Comparison of Glycan Abundances Determined by MALDI-TOF MS and LC-ESI MS

(A–C) Side-by-side bar graph representation of the relative glycan abundances determined by MALDI-TOF MS and LC-ESI MS for three representative sites identified by trypsin digests. Shown are examples of N-glycosylation sites dominated by (A) complex-type glycans (pink; N88), (B) oligomannose glycans (green; N339), or (C) a mixture of structures (N355). Repeats of the LC-MS ESI analysis were performed, and the SEM is indicated on the bar graphs. Figure S1 shows the quantification of the remaining glycosylation sites isolated and analyzed by MALDI-TOF MS. Glycans were grouped as shown in Table S2 and quantified by summing up ion intensities. Briefly, the grouping is based on the number of residues within the oligomannose series (M) or the number of antennae (A) with and without core fucose (F) in a complex glycan.

See also Tables S3, S4, and S5.

Figure 3

Site-Specific Glycosylation Profiles of BG505 SOSIP.664 Trimers

(A) Relative quantification of 20 N-glycosylation sites of BG505 SOSIP.664 trimers, stably produced in HEK293T cells. The trimers were digested with trypsin or chymotrypsin, enriched for glycopeptides, and analyzed by LC-ESI MS. Glycans were grouped as shown in Table S2. The bar graphs represent the means of two analytical replicates; the pie charts summarize the quantification of oligomannose-type (green) and complex/hybrid glycans (pink) on individual sites. Quantifications are based on the peak lists in Tables S4 and S5. Percentages corresponding to this figure can be found in Table S6.

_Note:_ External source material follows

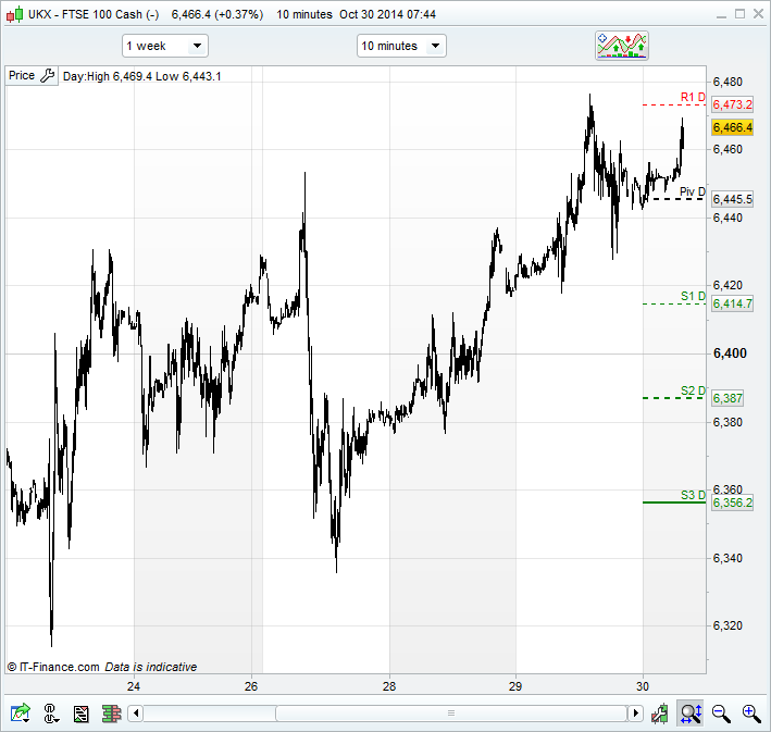 UK 100 Index called to open +5pts at 6455, after the US closed with small losses amid much volatility following the US Fed’s monetary policy update which saw an end to QE3, as expected, but included a marked hawkish change in language regarding the labour market (upbeat), suggesting an eye on an eventual first interest rate rise.

(B) Model of a fully glycosylated BG505 SOSIP.664 trimer. The model was constructed using PDB: 5ACO (Lee et al., 2015), with the following glycans modeled according to the processing state: oligomannose-type (Man9GlcNAc2; Woods et al., 1998), processed (galactosylated biantennary glycan; from PDB: 1L6X), and mixed (Man5GlcNAc2; Woods et al., 1998) sites. N301 is classified as an oligomannose-type glycan based on the cryo-EM structure (Lee et al., 2015) and previously published MS analysis (Guttman et al., 2014). Deleting the nearby glycan at residue N276 increases both the on- and off-rate constants of the binding of CD4bs-targeting antibodies (Figure S2).

See also Figure S2 and Tables S2, S4, and S6.

The overall percentages of oligomannose-type versus processed glycans confirm that the glycosylation sites on the gp120 subunits are largely dominated by oligomannose-type structures, whereas more highly processed glycans dominate on gp41. However, there are exceptions to these generalizations on both subunits, which we explore later. We generated a map of the distribution of the different processing states across the BG505 SOSIP.664 trimer by constructing a model based on its cryoelectron microscopy (cryo-EM) structure at a 4.36-Å resolution (Lee et al., 2015) (Figure 3B). The model reveals a mosaic of sites bearing oligomannose-type glycans, complex glycans, or a mixture of both (green, pink, and orange, respectively; Figure 3). However, the distribution is not random, and a network of oligomannose glycans is evident across the trimer surface. The heterogeneity of the glycan-processing states indicates that there must be hotspots of accessibility to the producer cell’s glycan-processing enzymes. In the following text, we discuss examples of how even closely proximal glycans can differ substantially in their processing states.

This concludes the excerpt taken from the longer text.